INVESTORS AND SECURITY HOLDERS OF AIRGAS ARE URGED TO READ THESE AND OTHER DOCUMENTS FILED WITH THE
SEC CAREFULLY IN THEIR ENTIRETY BECAUSE THEY CONTAIN IMPORTANT INFORMATION ABOUT THE PROPOSED
TRANSACTION. Investors and security holders can obtain free copies of these documents and other documents filed with the SEC by Air
Products through the web site maintained by the SEC at http://www.sec.gov. The Offer to Purchase and related materials may also be
obtained for free by contacting the Information Agent for the tender offer, MacKenzie Partners, Inc., at 212-929-5500 or toll-free at 800-322-
2885.
Air Products intends to file a proxy statement with the SEC in connection with the solicitation of proxies for the annual meeting of Airgas
stockholders to be held on January 18, 2011. Any definitive proxy statement will be mailed to stockholders of Airgas.

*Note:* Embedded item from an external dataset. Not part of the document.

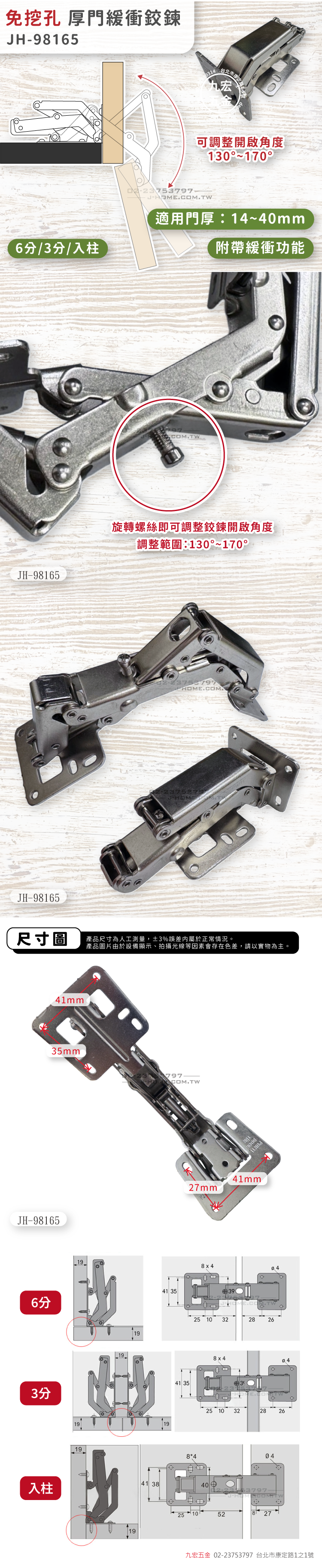 產品介紹 專為厚門板設計的免挖孔鉸鍊,安裝簡單,不需挖孔即可牢固固定。 具備緩衝功能,開關櫃門更安靜順暢,避免碰撞與噪音。 可透過旋轉螺絲調整開啟角度,範圍 130°~170°。 結構堅固,承重佳,特別適合厚實櫃門與高質感家具。

INVESTORS AND SECURITY HOLDERS OF AIRGAS ARE URGED TO READ THE PROXY STATEMENT AND OTHER DOCUMENTS
RELATED TO THE SOLICITATION AND FILED WITH THE SEC CAREFULLY IN THEIR ENTIRETY AS THEY BECOME AVAILABLE
BECAUSE THEY WILL CONTAIN IMPORTANT INFORMATION. Investors and security holders will be able to obtain free copies of these
documents (if and when available) and other documents filed with the SEC by Air Products through the web site maintained by the SEC at
http://www.sec.gov. These materials may also be obtained for free (if and when available) by contacting Air Products’ proxy solicitor,
MacKenzie Partners, Inc., at 212-929-5500 or toll-free at 800-322-2885.

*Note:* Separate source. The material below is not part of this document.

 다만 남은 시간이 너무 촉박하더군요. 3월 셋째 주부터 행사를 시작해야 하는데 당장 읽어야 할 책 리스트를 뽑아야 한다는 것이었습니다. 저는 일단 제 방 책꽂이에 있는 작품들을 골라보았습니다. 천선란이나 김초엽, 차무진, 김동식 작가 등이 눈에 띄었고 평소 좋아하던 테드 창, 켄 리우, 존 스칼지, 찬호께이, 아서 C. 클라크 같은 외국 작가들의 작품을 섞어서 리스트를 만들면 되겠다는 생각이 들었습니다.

CERTAIN INFORMATION REGARDING PARTICIPANTS
Air Products, Purchaser, and certain of their respective directors and executive officers and the Air Products nominees for election at Airgas’s
January 2011 annual meeting may be deemed to be participants in the proposed transaction under the rules of the SEC. Security holders
may obtain information regarding the names, affiliations and interests of Air Products’ directors and executive officers in Air Products’ Annual
Report on Form 10-K for the year ended September 30, 2010, which was filed with the SEC on November 25, 2010, and its proxy statement
for Air Products’ 2010 Annual Meeting, which was filed with the SEC on December 10, 2009; and of Purchaser’s directors and executive
officers in the Offer to Purchase. Information about the Air Products nominees will be included in the proxy statement Air Products intends to
file with the SEC. These documents can be obtained free of charge from the sources indicated above. Additional information regarding the
interests of these participants in the proxy solicitation and a description of their direct and indirect interests, by security holdings or otherwise,
will also be included in any proxy statement and other relevant materials to be filed with the SEC when they become available.